How these substances, when taken into the body, are assimilated, and how they generate force, are well known to the chemist and physiologist, who is able, in the light of well-ascertained laws, to determine whether alcohol does or does not possess a food value. For years, the ablest men in the medical profession have given this subject the most careful study, and have subjected alcohol to every known test and experiment, and the result is that it has been, by common consent, excluded from the class of tissue-building foods. "We have never," says Dr. Hunt, "seen but a single suggestion that it could so act, and this a promiscuous guess. One writer (Hammond) thinks it possible that it may 'somehow' enter into combination with the products of decay in tissues, and 'under certain circumstances might yield their nitrogen to the construction of new tissues.' No parallel in organic chemistry, nor any evidence in animal chemistry, can be found to surround this guess with the areola of a possible hypothesis."

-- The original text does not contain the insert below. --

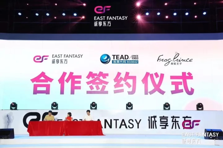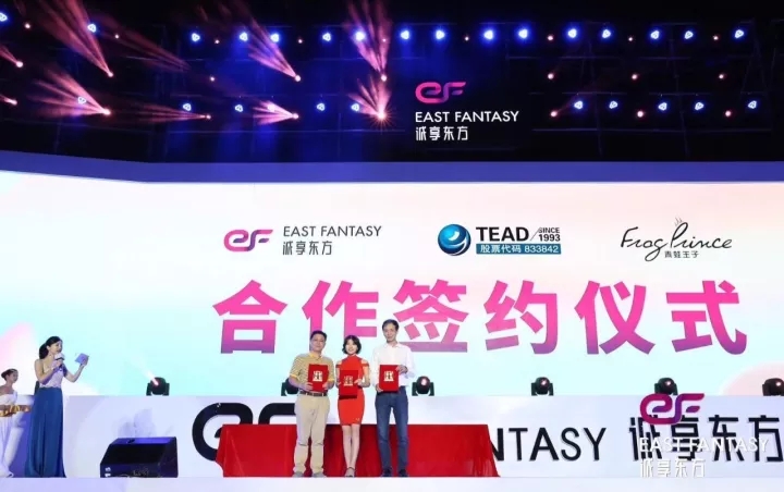 2017年10月21日,在誠(chéng)享東方掛牌慶典晚會(huì)上,天藝傳媒攜手知名美妝移動(dòng)電商——誠(chéng)享東方,及國(guó)內(nèi)領(lǐng)先日化企業(yè)——青蛙王子在廈門音樂島正式舉行簽約儀式。三方將在未來共同推出以“阿巴兔”為品牌形象的兒童護(hù)理系列產(chǎn)品。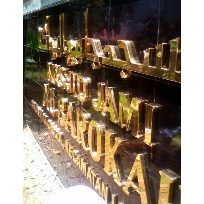 Merupakan tipe yang paling eksklusif dikarenakan harga material kuningan terhitung paling mahal dibandingkan yang lainnya. karena tampilan huruf seperti emas kuningan selalu menggunakan bahan import karna kuningan lokal akan terlihat titik2 hitam atau seperti mengelupas saat di poles dan lebih cepat hitam pemilihan plat kuningan import akan lebih tepat untuk pembuatan huruf timbul karna kadar warnanya yang lebih terang dan akan lebih menawan dan bagus untuk di pandang mata.

Dr. Richardson says: "Alcohol contains no nitrogen; it has none of the qualities of structure-building foods; it is incapable of being transformed into any of them; it is, therefore, not a food in any sense of its being a constructive agent in building up the body." Dr. W.B. Carpenter says: "Alcohol cannot supply anything which is essential to the true nutrition of the tissues." Dr. Liebig says: "Beer, wine, spirits, etc., furnish no element capable of entering into the composition of the blood, muscular fibre, or any part which is the seat of the principle of life." Dr. Hammond, in his Tribune Lectures, in which he advocates the use of alcohol in certain cases, says: "It is not demonstrable that alcohol undergoes conversion into tissue." Cameron, in his Manuel of Hygiene, says: "There is nothing in alcohol with which any part of the body can be nourished." Dr. E. Smith, F.R.S., says: "Alcohol is not a true food. It interferes with alimentation." Dr. T.K. Chambers says: "It is clear that we must cease to regard alcohol, as in any sense, a food."